Долго ль мне гулять на свете То в коляске, то верхом, То в кибитке, то в карете, То в телеге, то пешком?
Не в наследственной берлоге, Не средь отческих могил, На большой мне, знать, дороге Умереть Господь судил,
На каменьях, под копытом, На горе под колесом, Иль во рву, водой размытом, Под разобранным мостом.
В «Дорожных жалобах» бросается в глаза несоответствие громадного пространственно-временного масштаба дороги («большая дорога» у Пушкина - это огромный и разнообразный мир: «горы», «рвы», «лес» и т. д.) ограниченному человеческому существованию. Дорога в стихотворении Пушкина становится своего рода символом безысходности человеческой судьбы. Не случайно, по-видимому, исполненная народной удали первая строка стихотворения «Долго ль мне гулять на свете» переходит в конце произведения в прозаическое чисто житейское желание «быть на месте // По Мясницкой разъезжать», что равнозначно признанию усталости от дороги, от любого перемещения в дороге, пусть даже если это называется путешествием, связанным с авантюрами и возможностью любовной интриги.

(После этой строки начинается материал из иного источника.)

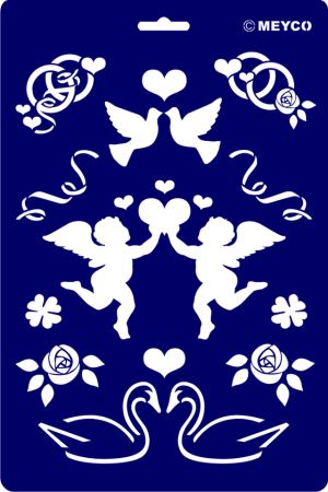 Šablona dimenzije 20x30cm. Izrađena je od izdržljive savitljive plastike, nakon pranja može se uvijek iznova koristiti. Može se koristiti na svim površinama, drvu, kartonu, tekstilu, plastici... Boje se preko šablona nanose specijalnim kistom, špahtlom, spužvastim valjkom ili kistom...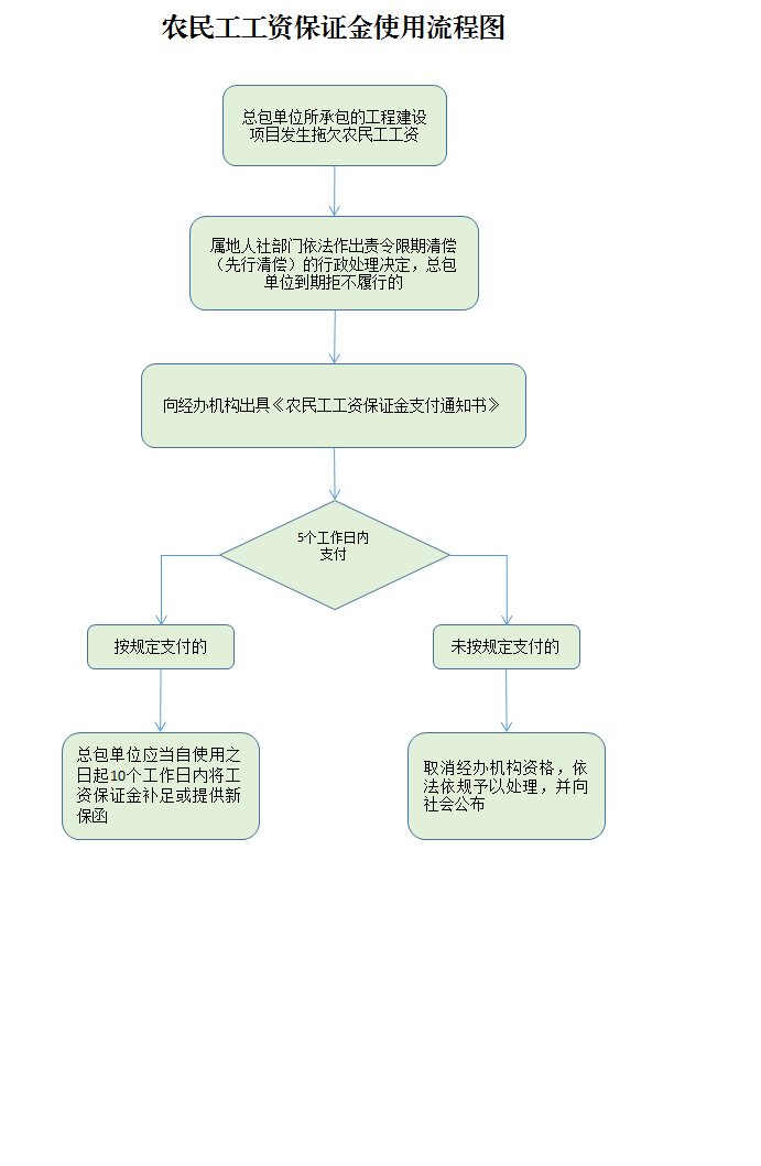 | 事項(xiàng)名稱 工程建設(shè)領(lǐng)域農(nóng)民工工資保證金使用 使用依據(jù) 《煙臺(tái)市工程建設(shè)領(lǐng)域農(nóng)民工工資保證金管理實(shí)施細(xì)則》(煙人社發(fā)[2022]17號(hào)) 操作主體 屬地人力資源社會(huì)保障行政部門和經(jīng)辦銀行、擔(dān)保公司、保險(xiǎn)公司 支付對(duì)象 被拖欠工資農(nóng)民工本人 使用情形 總包單位所承包工程建設(shè)項(xiàng)目發(fā)生拖欠農(nóng)民工工資的,經(jīng)屬地人力資源社會(huì)保障行政部門依法作出責(zé)令限期清償(先行清償)的行政處理決定,總包單位到期拒不履行的。 使用流程 屬地人社部門→向經(jīng)辦機(jī)構(gòu)出具《農(nóng)民工工資保證金支付通知書》,附支付對(duì)象身份信息及其收款行賬號(hào)和開戶行→經(jīng)辦機(jī)構(gòu)5個(gè)工作日內(nèi)將工資支付到被拖欠工資農(nóng)民工本人→總包單位應(yīng)當(dāng)自使用之日起10個(gè)工作日內(nèi)將工資保證金補(bǔ)足或提供新保函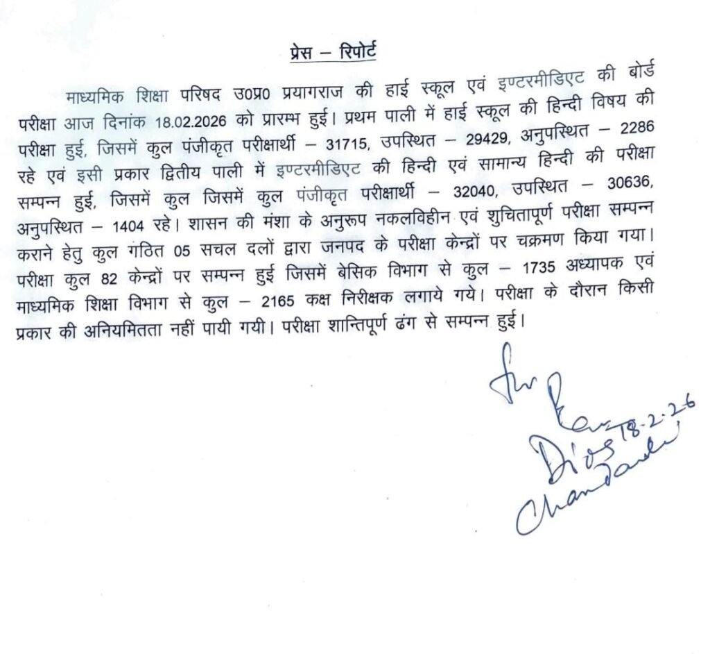 प्रथम पाली में हाई स्कूल की हिन्दी विषय की परीक्षा हुई, जिसमें कुल पंजीकृत परीक्षार्थी 31715, उपस्थित 29429, अनुपस्थित 2286 रहे एवं इसी प्रकार द्वितीय पाली में इण्टरमीडिएट की हिन्दी एवं सामान्य हिन्दी की परीक्षा सम्पन्न हुई, जिसमें कुल जिसमें कुल पंजीकृत परीक्षार्थी 32040, उपस्थित 30636, अनुपस्थित 1404 रहे। शासन की मंशा के अनुरूप नकलविहीन एवं शुचितापूर्ण परीक्षा सम्पन्न कराने हेतु कुल गठित 05 सचल दलों द्वारा जनपद के परीक्षा केन्द्रों पर चक्रमण किया गया। 1735 अध्यापक एवं परीक्षा कुल 82 केन्द्रों पर सम्पन्न हुई जिसमें बेसिक विभाग से कुल माध्यमिक शिक्षा विभाग से कुल 2165 कक्ष निरीक्षक लगाये गये। परीक्षा के दौरान किसी प्रकार की अनियमितता नहीं पायी गयी। परीक्षा शान्तिपूर्ण ढंग से सम्पन्न हुई।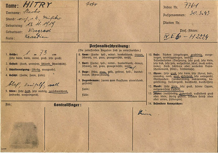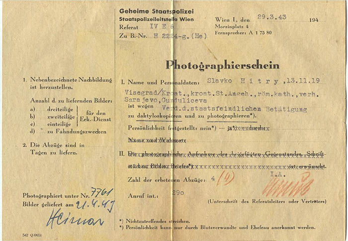 Der kroatische Musiker Slavko Hitry wurde wegen "Verdachts der staatsfeindlichen Betätigung" am 29. 3. 1943 von der Gestapo Wien erkennungsdienstlich erfasst.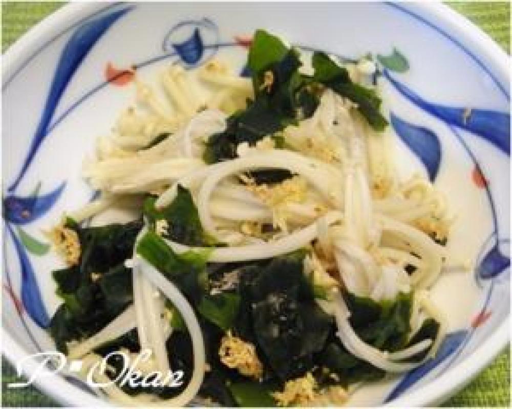 ワカメは水に戻す。エノキはさっと湯掻く。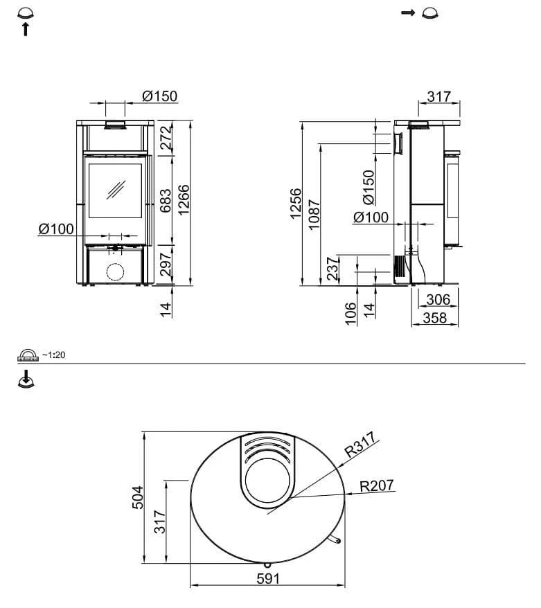 | Brennstoffe | Holz (bis 33 cm Scheitlänge) |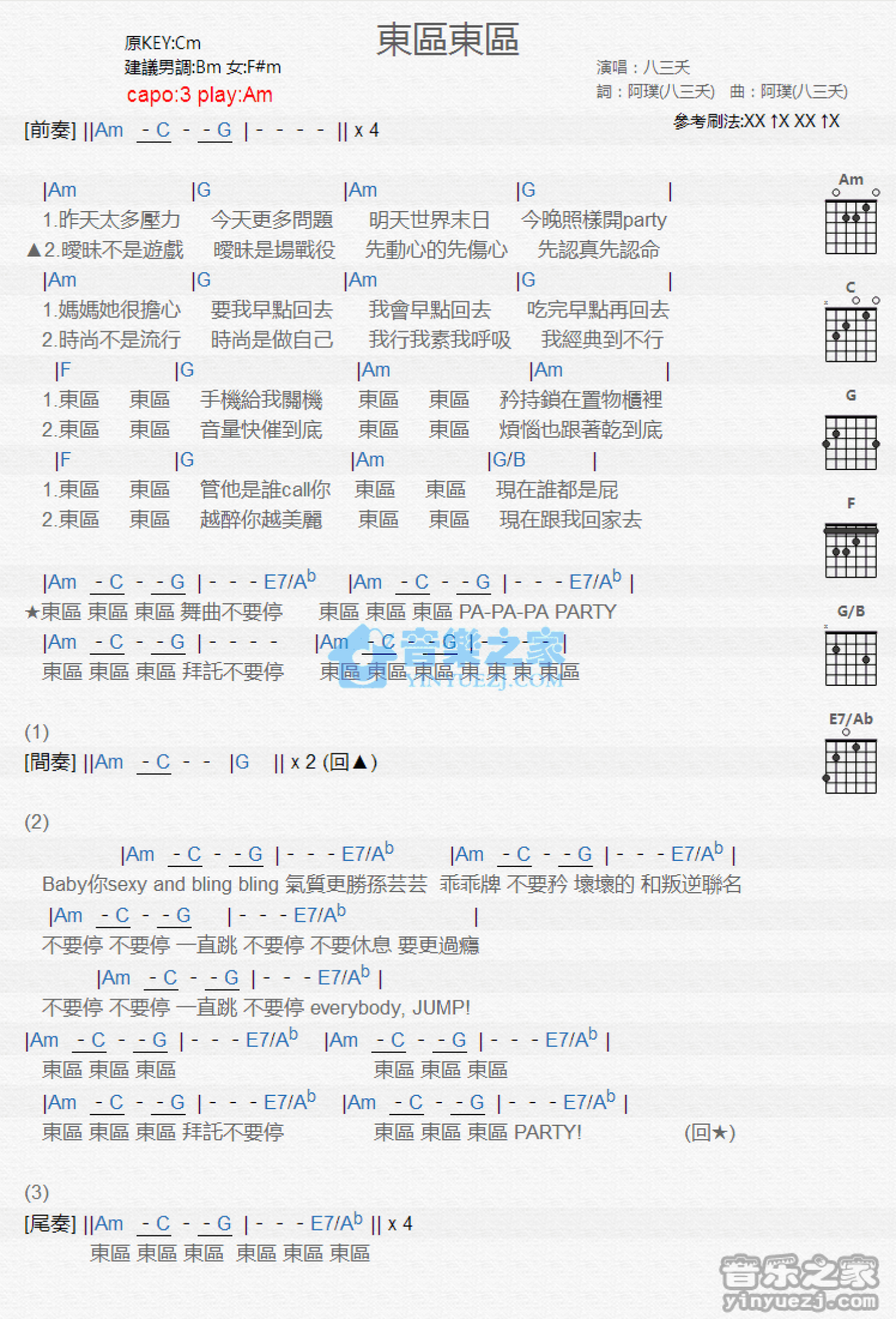 曲谱介绍: Am调版 八三夭《东区西区》吉他和弦弹唱谱

«Дорожные жалобы» как первое произведение цикла задает своеобразный эмоциональный настрой развертывания образной системы всего цикла, вступает во взаимодействие с читательским ожиданием. В сознание читателя вводится не условный герой условного мира, скажем, романтический изгнанник в экзотическом мире дикого племени, а обычный человек, лишенный восторженной реакции удивления на меняющиеся обстоятельства дорожного передвижения, способный только наблюдать и делится с читателем своими наблюдениями, лишенными эмоций и страсти. Введение такого героя в контекст цикла естественно меняет регистр его литературности. Это хорошо видно на примере следующего стихотворения цикла: послания «Калмычке».
Прощай, любезная калмычка! Чуть-чуть, назло моих затей, Моя похвальная привычка
Не увлекла среди степей Вслед за кибиткою твоей. Твои глаза, конечно, узки, И плосок нос и лоб широк, Ты не лепечешь по-французски, Ты шелком не сжимаешь ног...
Портрет калмычки создается здесь по контрасту с портретом светской красавицы. В тексте стихотворения многократно употребляется отрицание, указывающее на отсутствие качеств femme du monde. Перечисление отсутствующих качеств у калмычки одновременно является иронической характеристикой дамы света, что означает в данном случае отсутствие объекта женской красоты. Описание портрета калмычки не содержит в себе никаких сравнений и превосходных степеней. Точка зрения героя здесь как бы изъята из какой бы то ни было готовой культурной парадигмы. Портрет калмычки создается как портрет «другой»: не-красави-цы (с точки зрения общепринятых представлений) и несветской женщины. Однако все различия во внешности между калмычкой и европейской красавицей нивелируются в конце стихотворения словами об одинаково равнодушной природе мужского увлечения (влечения к женщине вообще), не имеющего ничего общего с природой мужской любви («Друзья! не все ль одно и то же: // Забыться праздною душой // В блестящей зале, в модной ложе, // Или в кибитке кочевой»).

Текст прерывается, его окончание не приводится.